The future of Venezuela
In reality, the question is not if, but when a US-backed regime takes power in Venezuela. At this point, it is unclear whether Maduro will be able to maintain his control over the country for the rest of his six-year term, or whether the military will place Guaidó in power. If Maduro does remain in power, the economic situation will continue to get worse. Eventually, Maduro will either be voted out in another election, or the military will force him out once the crisis becomes severe enough. At that point, a US-backed government will come to power. It will make major cuts to public services, and will likely change the official currency to the US dollar.
These events will bring stability, but they will also cause major suffering for the poor and working people of Venezuela. The hope is that, after these things come to pass, the Left will again be able to come to power, this time equipped with the hard-won experience of the past 20 years. This new Left government would not make the same mistakes as Chávez or Maduro. It would understand the vital importance of diversifying Venezuela’s economy, so that it is no longer dependent on the whims of international oil markets to stay afloat. And it would usher in an era of rapid economic growth and shared prosperity for all Venezuelans.
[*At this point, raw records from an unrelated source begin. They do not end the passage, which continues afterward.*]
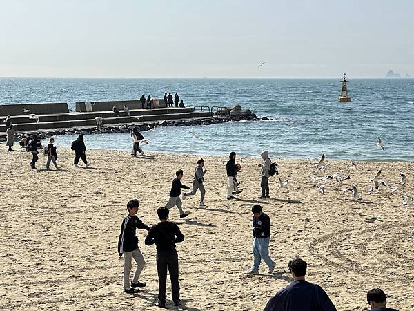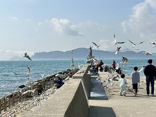 蠻多人聚集在這餵食海鷗, 畫面很是美麗~~到了海堤的路口往上走就是海雲台藍線公園入口處,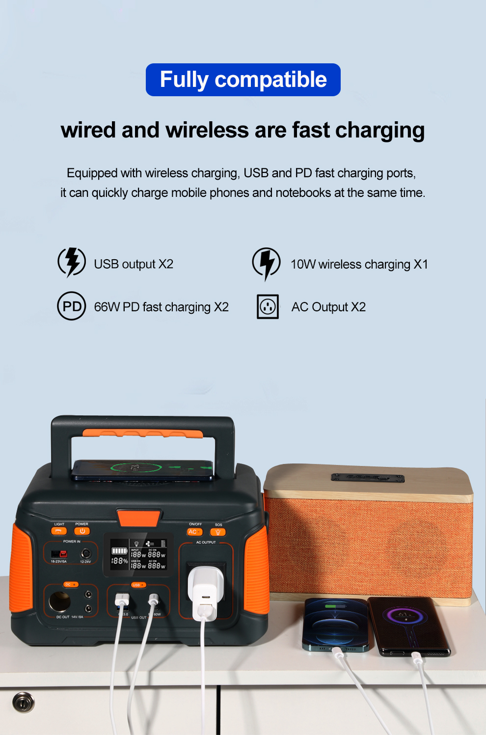 1. Support Multifunctional Outputs:USB outputX2,10W wireless charging X1,66W PD fast chargingX2,AC output X2. With multifunctional ports you can quickly charge mobile phones and notebooks at the same time.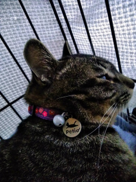 勝手口のドアの締まりが甘かったらしく、夜中に外へ出たようです。約10ヶ月前に保護し、それからはずっと室内で暮らしてきました。おっとりした性格ですが、怖がりです。濃いキジトラ、長い尻尾、濃い黄色の目、高い声でサクラ耳です。紫色の首輪は外れているかもしれませんが、タグに「コトラ」という名前と、電話番号が書かれています。脱走して三日間くらいは近所に隠れていて、鳴き声は聞こえていたのですが、それからは潜んでいる気配がなくなりました。どうかよろしくお願いします。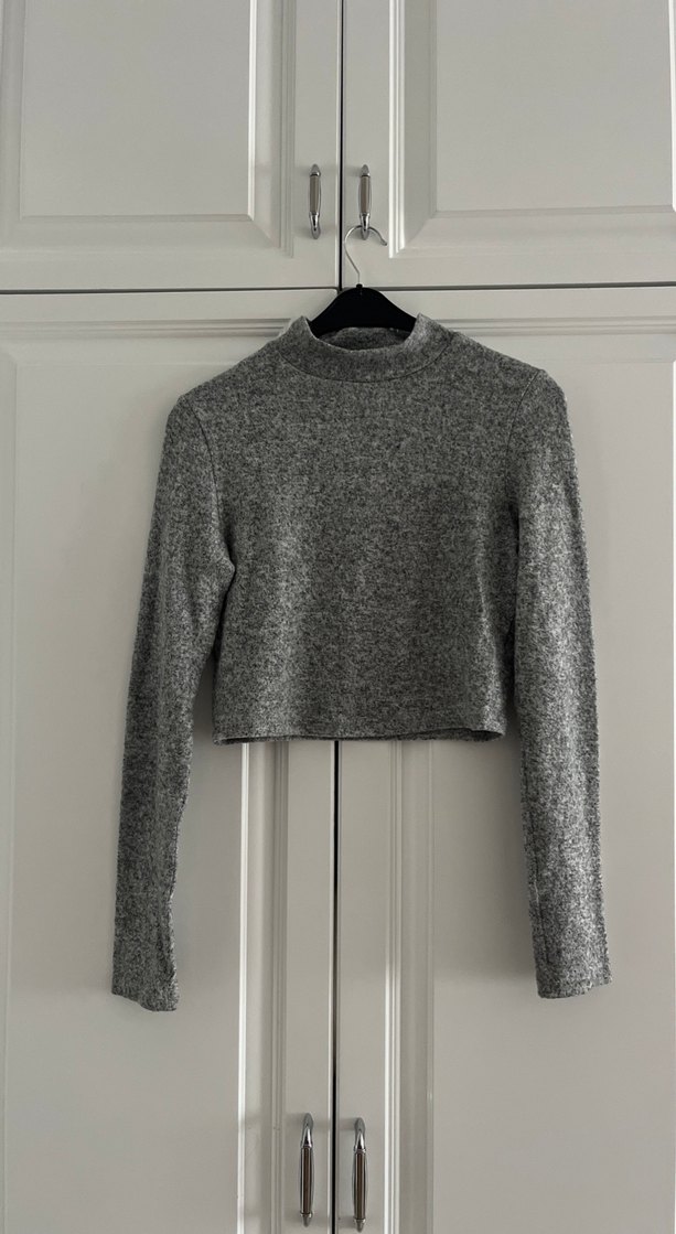 Gri renkte, uzun kollu ve yarım balıkçı yaka, normal midi boyda, dar kesim kadın kazak. Rahat ve sokak tarzına uygun.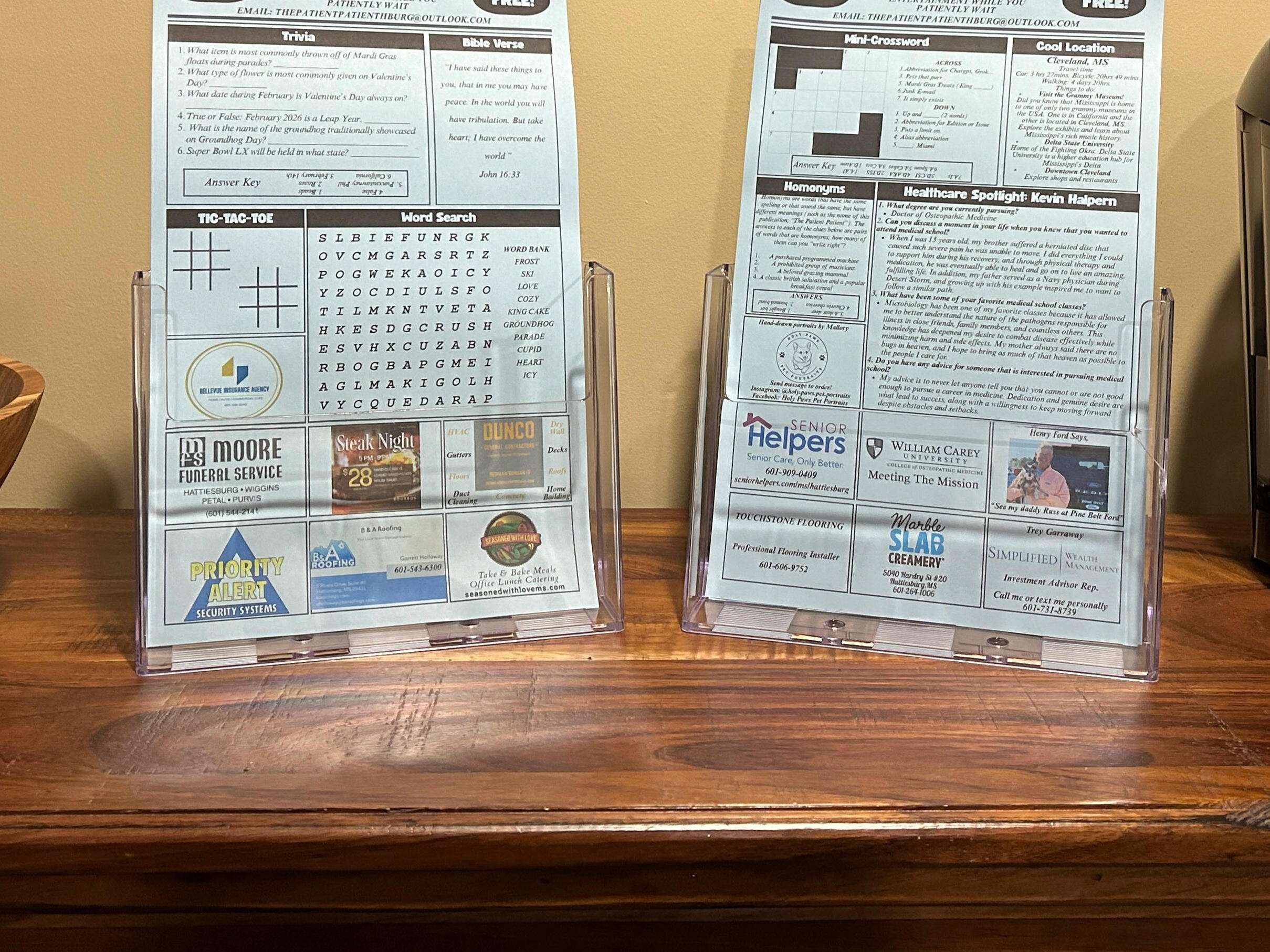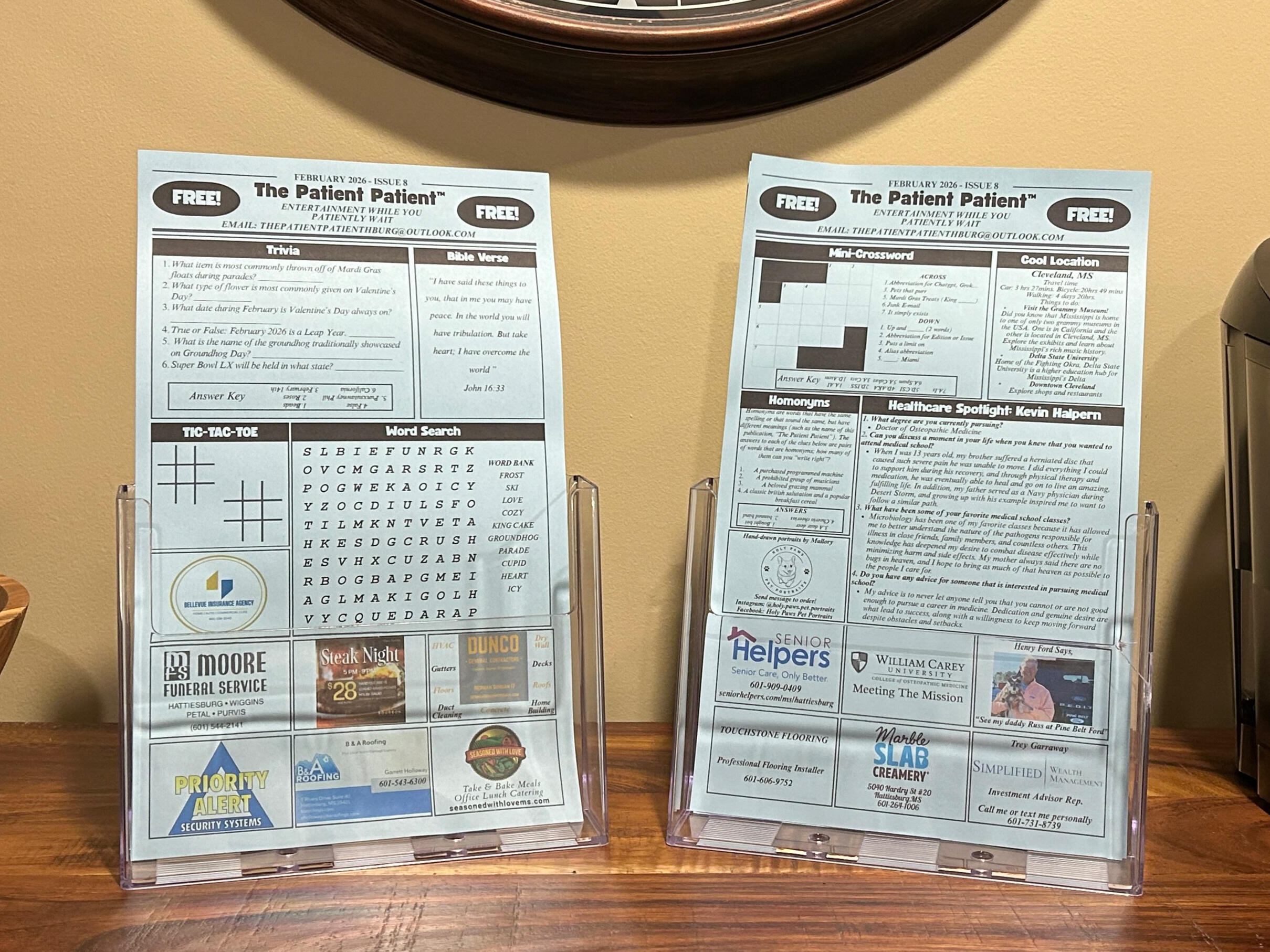 The Patient Patient is a free, one-page publication that is available for pickup in doctors office waiting rooms. It usually consists of various games/entertainment while you wait for your appointment. Some examples include:

While my short-term predictions are pessimistic, this does not mean that there is nothing we can do to help the Venezuelan people. The Left should argue forcefully against US sanctions and military intervention into Venezuela, which will only make the current dire situation even worse. We should advocate for democratic norms and the rule of law, which have been greatly eroded under Maduro’s administration. The people of Venezuela must be able to choose their own leaders in free and fair elections, where all political parties are allowed to participate. And most importantly, the Left must work harder than ever to elect socialist candidates to Congress who can change US foreign policy toward developing countries like Venezuela. The United States could use its economic might to help poor countries through the process of diversifying and developing their economies, rather than simply leaving them on their own. Without a more compassionate US foreign policy, our international comrades will be severely constrained in their ability to pursue a left-wing agenda in their own countries. It’s time that the American Left took this responsibility seriously.